CODEWITHSUNDEEP
phpmysql
John
John

Reputation:

If statement not working

I want the output of the code below to be "$entry does not exist" if there is no $entry value anywhere under the "site" column in the database. However, this is not happening when I enter in a value for $entry that I know is not under the "site" column in the database. Is there something wrong with my if statement?

Thanks in advance,

John

$result = mysql_query("SHOW TABLES FROM feather") 
or die(mysql_error()); 


while(list($table)= mysql_fetch_row($result))
{
  $sqlA = "SELECT COUNT(*) FROM `$table` WHERE `site` LIKE '$entry'";

  $resA = mysql_query($sqlA) or die("$sqlA:".mysql_error());
  if(mysql_num_fields($resA)>0){
  list($isThere) = mysql_fetch_row($resA);
  if ($isThere)
  {
     $table_list[] = $table;
  }
  }
  else{
print "<p class=\"topic\">$entry does not exist</p>\n";
}
}

Upvotes: 0

Views: 193

Answers (2)

Paul Tarjan
Paul Tarjan

Reputation: 50602

Please, for the love of the internet, don't built an SQL query yourself. Use PDO.

Upvotes: 0

razzed
razzed

Reputation: 2683

Yes. Your formatting doesn't really do it justice, though, try and clean it up so it's easier to understand. NetBeans IDE, or even Zend Development Environmont ($) do automatic code formatting, and it make life a lot easier.

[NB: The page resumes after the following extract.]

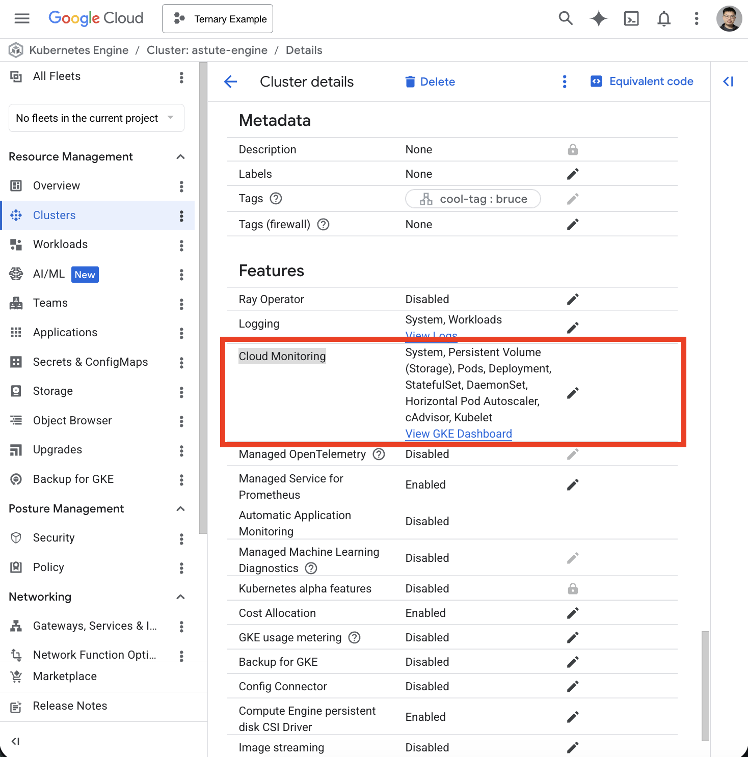 If Cloud Monitoring is not enabled, metrics for clusters, namespaces, workloads, and pods will not be available in Ternary.

$result = mysql_query("SHOW TABLES FROM feather") or die(mysql_error()); 
while(list($table)= mysql_fetch_row($result)) {
    $sqlA = "SELECT COUNT(*) FROM `$table` WHERE `site` LIKE '$entry'";

    $resA = mysql_query($sqlA) or die("$sqlA:".mysql_error());
    if(mysql_num_fields($resA)>0){
        list($isThere) = mysql_fetch_row($resA);
        if ($isThere) {
            $table_list[] = $table;
        }
    } else{
        print "<p class=\"topic\">$entry does not exist</p>\n";
    }
}

In short:

mysql_num_fields($resA) is ALWAYS greater than zero, because the COUNT(*) function will always return a value, regardless (0 or 1 or 1000000, etc.)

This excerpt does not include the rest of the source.